▸ **Problem to work on**
Reproduce, word for word, the lines in the material below starting with the one that has "四川在线消息(记者 陈昊)近" and going on through the one that has "- ドロミテ観光の拠点となる". Leave out all pictures.

====== Data records

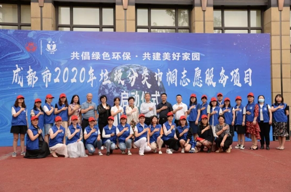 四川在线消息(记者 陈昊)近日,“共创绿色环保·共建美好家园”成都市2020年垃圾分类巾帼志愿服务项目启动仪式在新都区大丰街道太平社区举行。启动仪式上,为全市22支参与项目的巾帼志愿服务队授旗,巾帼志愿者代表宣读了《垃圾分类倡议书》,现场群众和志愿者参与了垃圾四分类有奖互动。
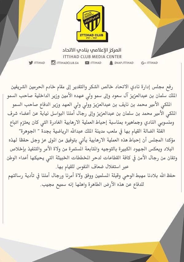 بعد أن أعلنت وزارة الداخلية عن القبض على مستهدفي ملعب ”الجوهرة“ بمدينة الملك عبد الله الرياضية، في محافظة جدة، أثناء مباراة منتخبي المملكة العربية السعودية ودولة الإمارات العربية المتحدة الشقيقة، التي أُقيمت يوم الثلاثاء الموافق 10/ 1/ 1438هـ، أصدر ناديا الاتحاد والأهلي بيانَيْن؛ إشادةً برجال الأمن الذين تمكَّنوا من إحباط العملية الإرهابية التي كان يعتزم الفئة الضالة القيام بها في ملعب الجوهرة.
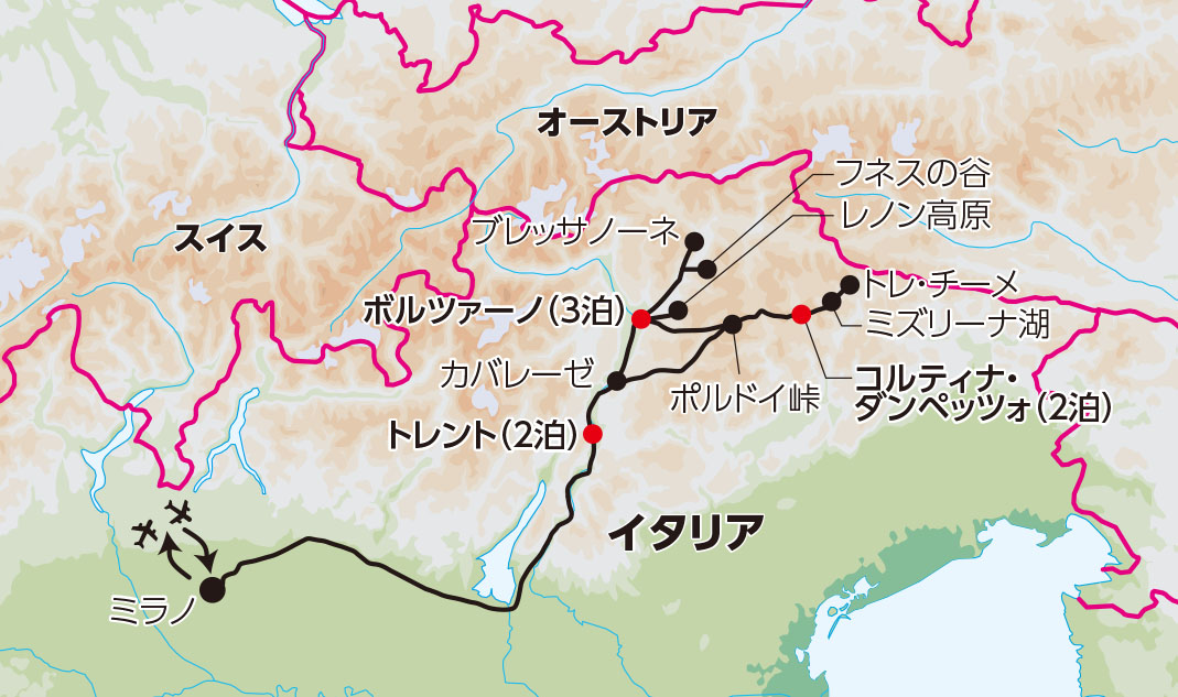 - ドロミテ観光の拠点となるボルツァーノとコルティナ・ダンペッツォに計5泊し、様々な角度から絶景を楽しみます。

============
====== Data records

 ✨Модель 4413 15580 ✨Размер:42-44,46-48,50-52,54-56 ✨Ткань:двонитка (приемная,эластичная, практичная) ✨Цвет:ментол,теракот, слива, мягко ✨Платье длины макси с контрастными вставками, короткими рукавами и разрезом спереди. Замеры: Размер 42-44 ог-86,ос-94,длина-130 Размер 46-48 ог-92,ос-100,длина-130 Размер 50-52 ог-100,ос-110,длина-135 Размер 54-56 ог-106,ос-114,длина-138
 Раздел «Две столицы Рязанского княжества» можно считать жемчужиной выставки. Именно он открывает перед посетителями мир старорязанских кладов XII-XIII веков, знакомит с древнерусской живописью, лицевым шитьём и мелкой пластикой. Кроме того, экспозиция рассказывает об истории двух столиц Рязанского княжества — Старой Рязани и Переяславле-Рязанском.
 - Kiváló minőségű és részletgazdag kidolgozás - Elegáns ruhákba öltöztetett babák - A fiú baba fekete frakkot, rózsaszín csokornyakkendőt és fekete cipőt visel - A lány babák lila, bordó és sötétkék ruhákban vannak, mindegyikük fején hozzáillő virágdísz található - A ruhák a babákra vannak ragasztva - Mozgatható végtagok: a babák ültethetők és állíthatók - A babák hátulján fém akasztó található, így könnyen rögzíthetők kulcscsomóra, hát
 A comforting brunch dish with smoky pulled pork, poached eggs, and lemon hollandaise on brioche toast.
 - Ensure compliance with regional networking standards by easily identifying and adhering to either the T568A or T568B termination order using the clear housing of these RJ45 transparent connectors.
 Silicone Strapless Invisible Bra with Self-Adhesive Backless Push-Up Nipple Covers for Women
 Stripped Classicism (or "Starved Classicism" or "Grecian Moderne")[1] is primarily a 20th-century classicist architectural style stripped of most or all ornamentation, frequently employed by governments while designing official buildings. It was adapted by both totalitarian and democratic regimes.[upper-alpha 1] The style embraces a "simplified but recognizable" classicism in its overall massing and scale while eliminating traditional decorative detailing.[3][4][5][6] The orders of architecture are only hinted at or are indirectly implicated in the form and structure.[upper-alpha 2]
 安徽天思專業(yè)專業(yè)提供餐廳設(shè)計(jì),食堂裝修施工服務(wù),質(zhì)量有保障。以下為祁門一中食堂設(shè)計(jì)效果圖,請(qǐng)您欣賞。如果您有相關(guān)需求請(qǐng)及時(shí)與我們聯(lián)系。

============
====== Data records

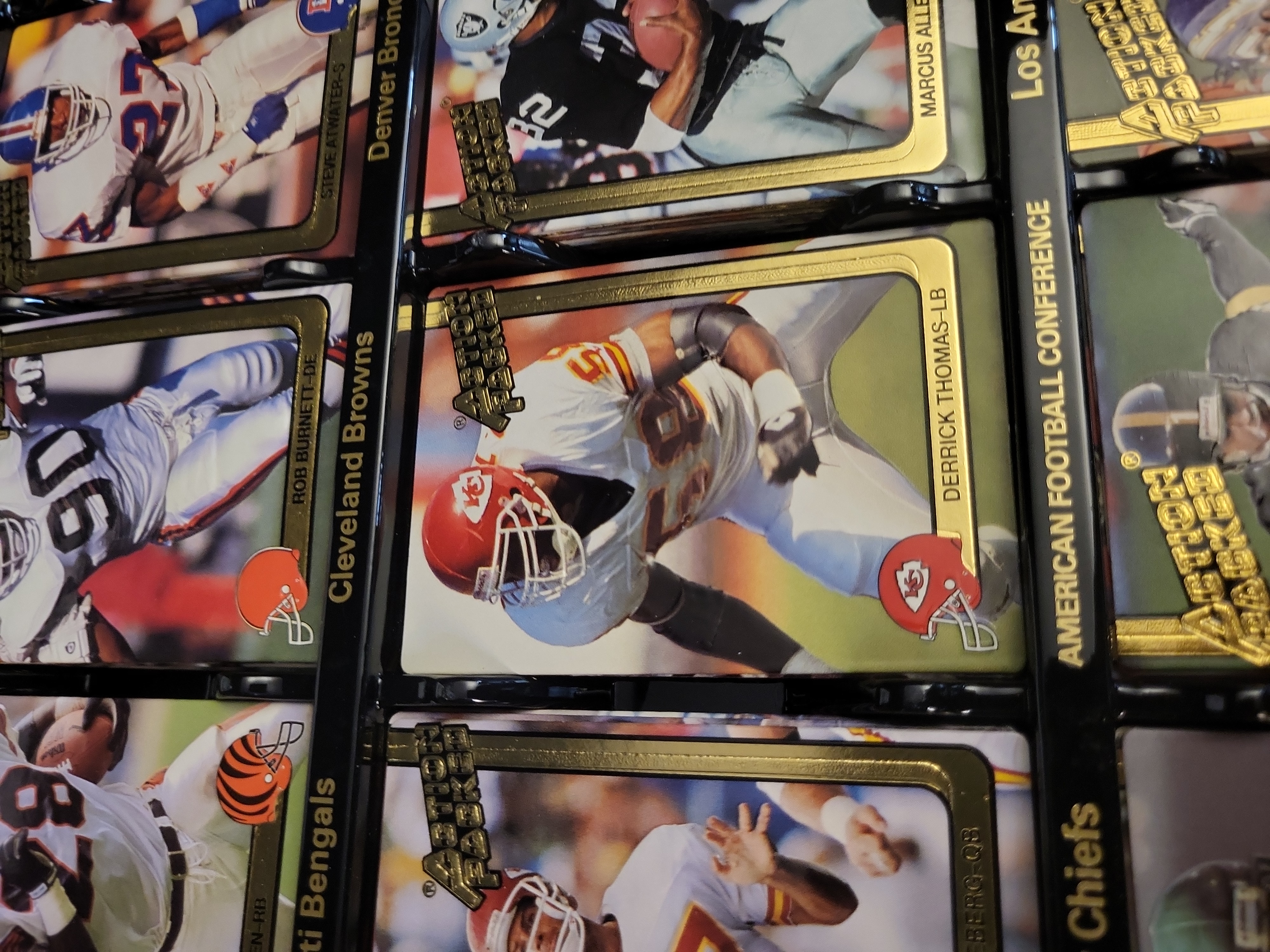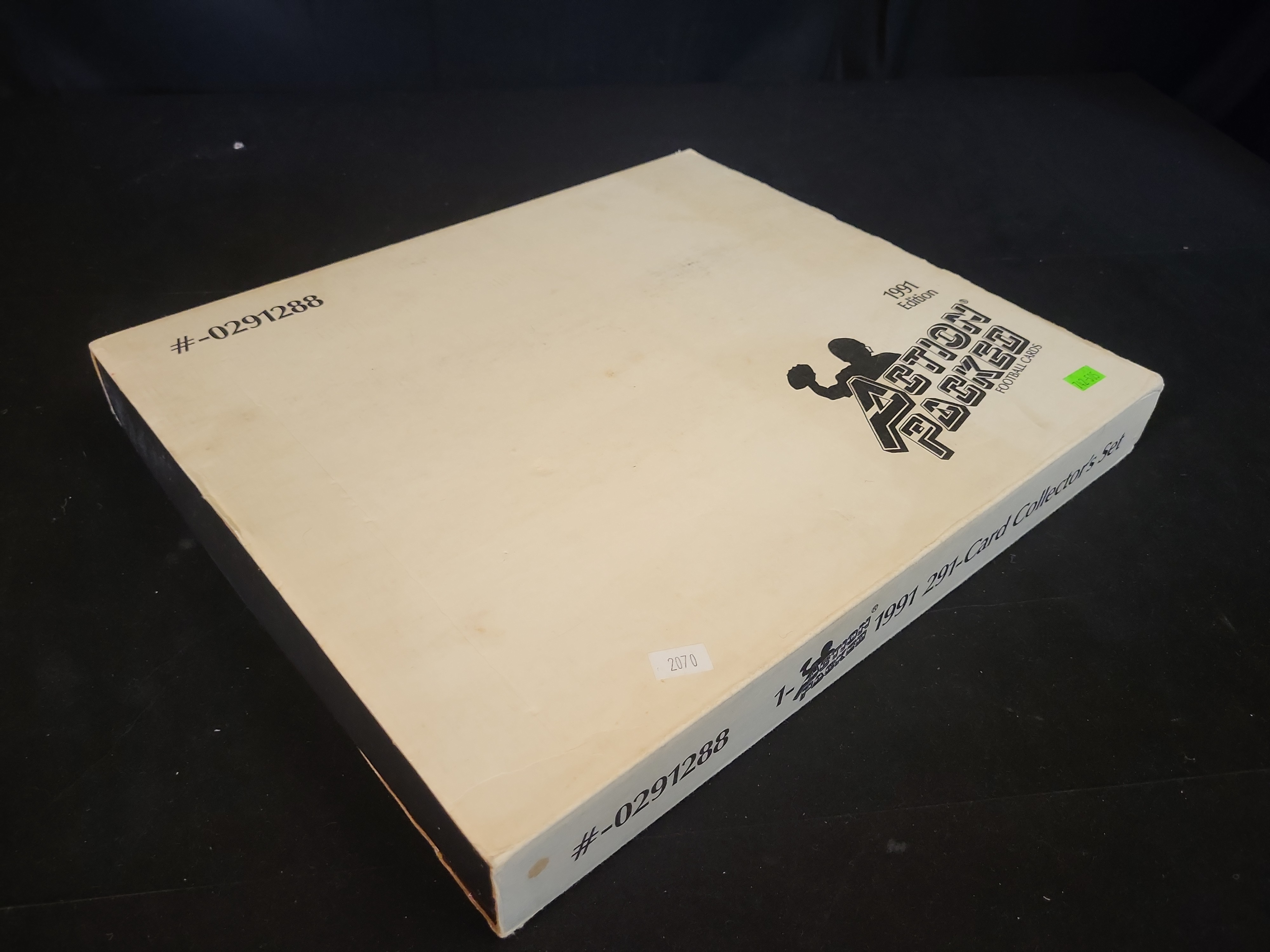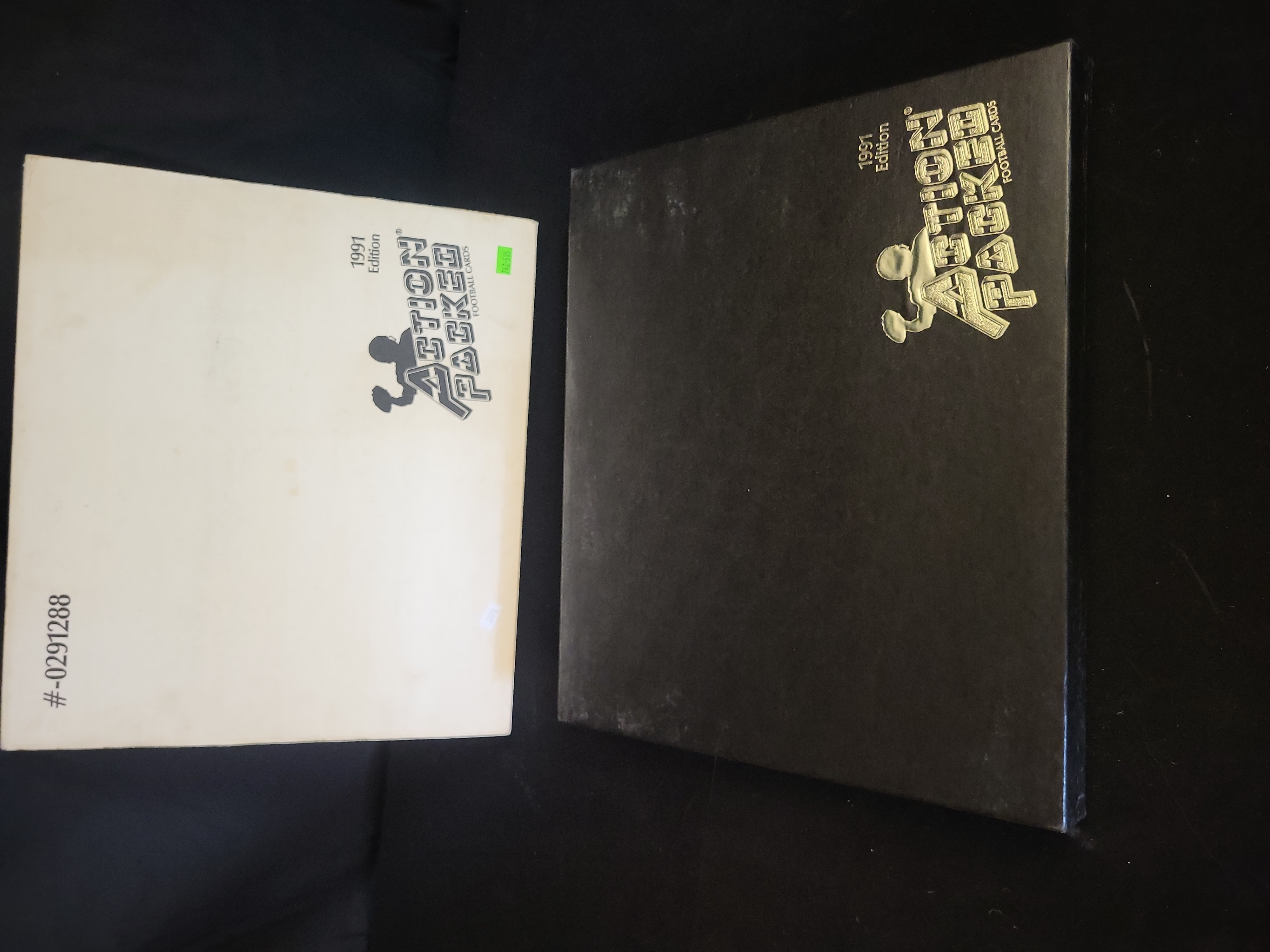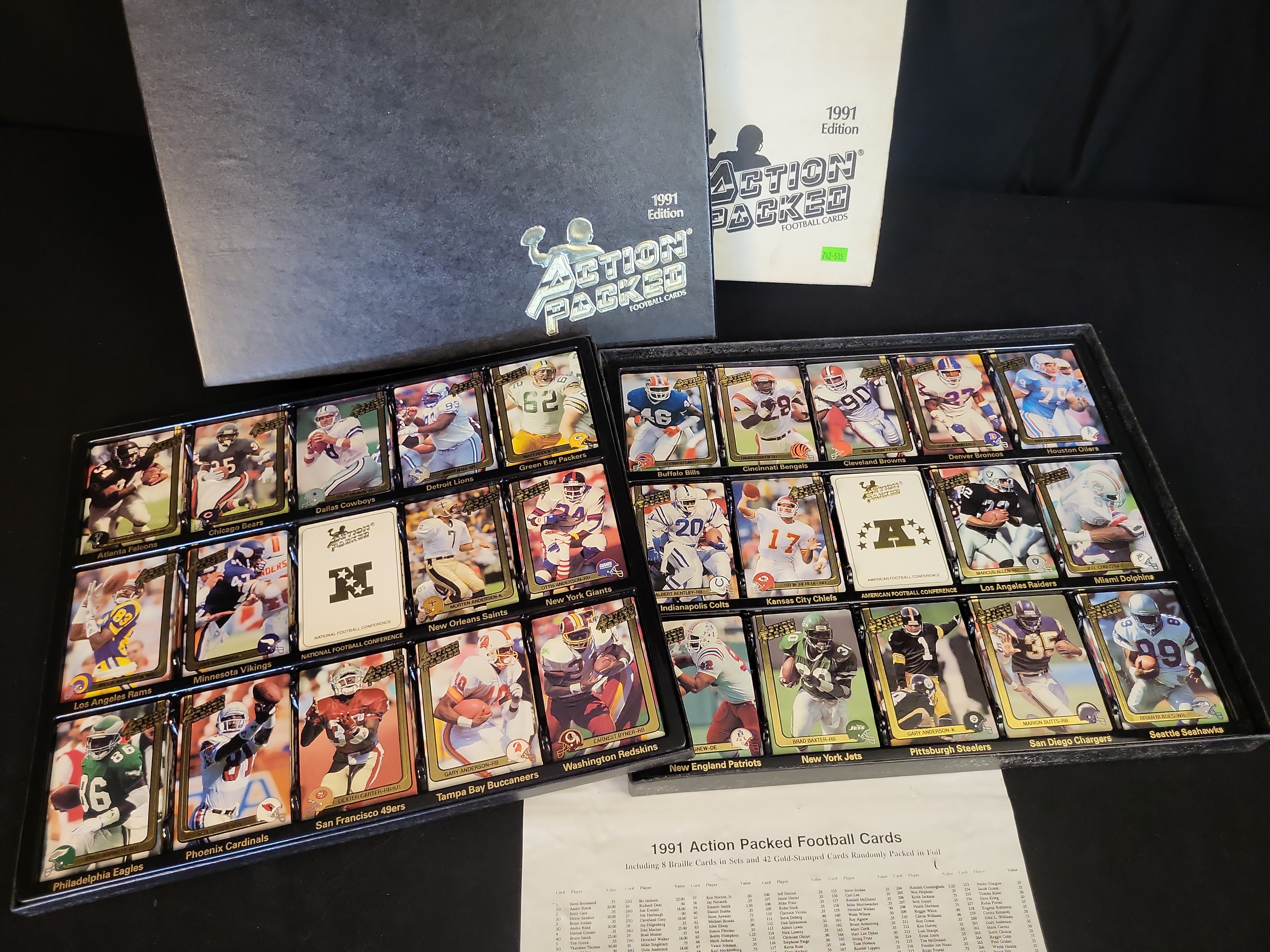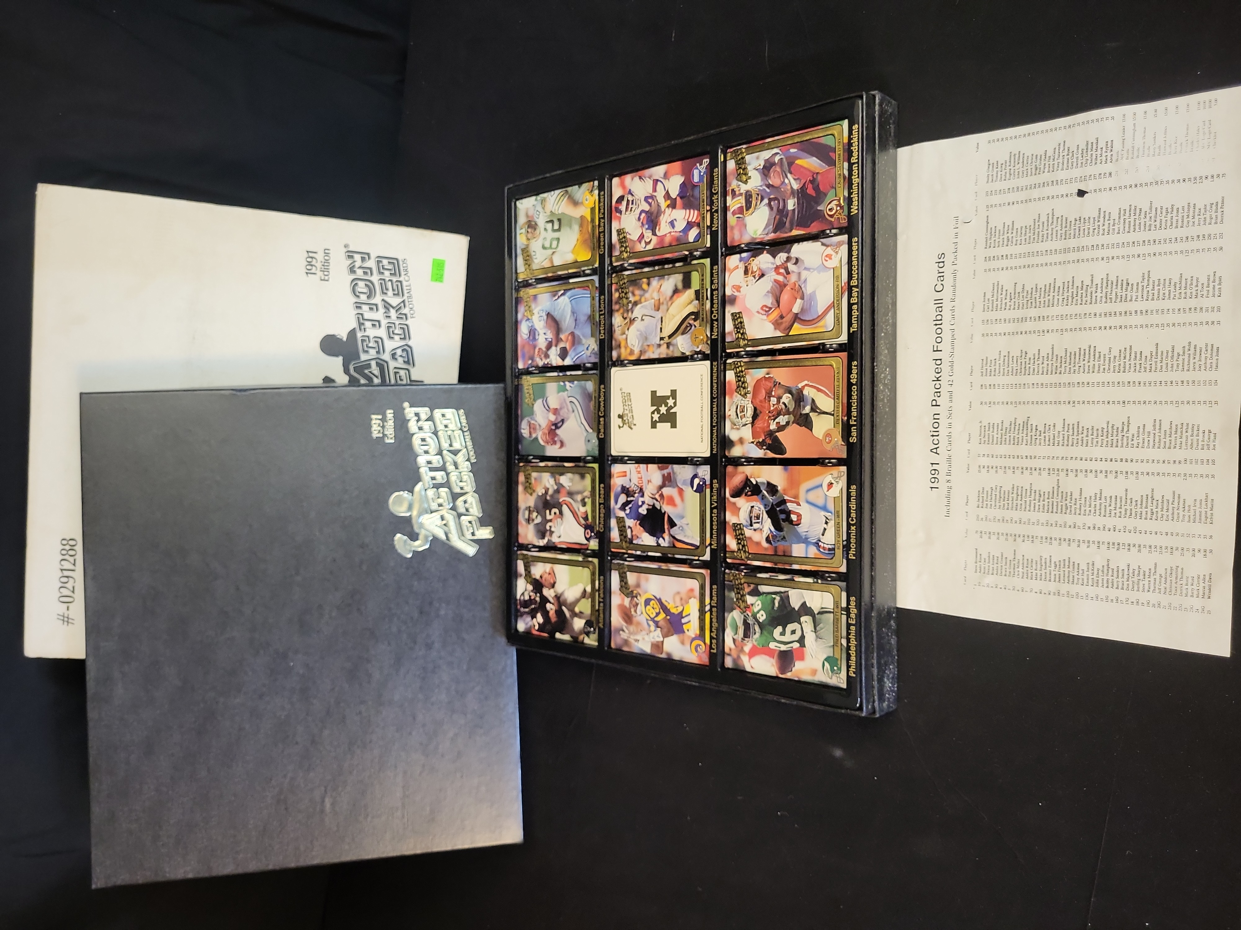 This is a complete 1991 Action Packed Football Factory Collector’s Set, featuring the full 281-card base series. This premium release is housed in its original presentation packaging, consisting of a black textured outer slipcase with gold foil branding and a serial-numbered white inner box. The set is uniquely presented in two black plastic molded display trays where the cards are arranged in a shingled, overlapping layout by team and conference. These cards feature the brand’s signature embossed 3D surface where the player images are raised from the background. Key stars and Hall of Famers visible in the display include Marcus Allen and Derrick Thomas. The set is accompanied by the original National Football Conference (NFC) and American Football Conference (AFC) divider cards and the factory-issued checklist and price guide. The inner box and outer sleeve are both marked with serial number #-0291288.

============

▸ **Answer to the exercise**
 四川在线消息(记者 陈昊)近日,“共创绿色环保·共建美好家园”成都市2020年垃圾分类巾帼志愿服务项目启动仪式在新都区大丰街道太平社区举行。启动仪式上,为全市22支参与项目的巾帼志愿服务队授旗,巾帼志愿者代表宣读了《垃圾分类倡议书》,现场群众和志愿者参与了垃圾四分类有奖互动。
 بعد أن أعلنت وزارة الداخلية عن القبض على مستهدفي ملعب ”الجوهرة“ بمدينة الملك عبد الله الرياضية، في محافظة جدة، أثناء مباراة منتخبي المملكة العربية السعودية ودولة الإمارات العربية المتحدة الشقيقة، التي أُقيمت يوم الثلاثاء الموافق 10/ 1/ 1438هـ، أصدر ناديا الاتحاد والأهلي بيانَيْن؛ إشادةً برجال الأمن الذين تمكَّنوا من إحباط العملية الإرهابية التي كان يعتزم الفئة الضالة القيام بها في ملعب الجوهرة.
 - ドロミテ観光の拠点となるボルツァーノとコルティナ・ダンペッツォに計5泊し、様々な角度から絶景を楽しみます。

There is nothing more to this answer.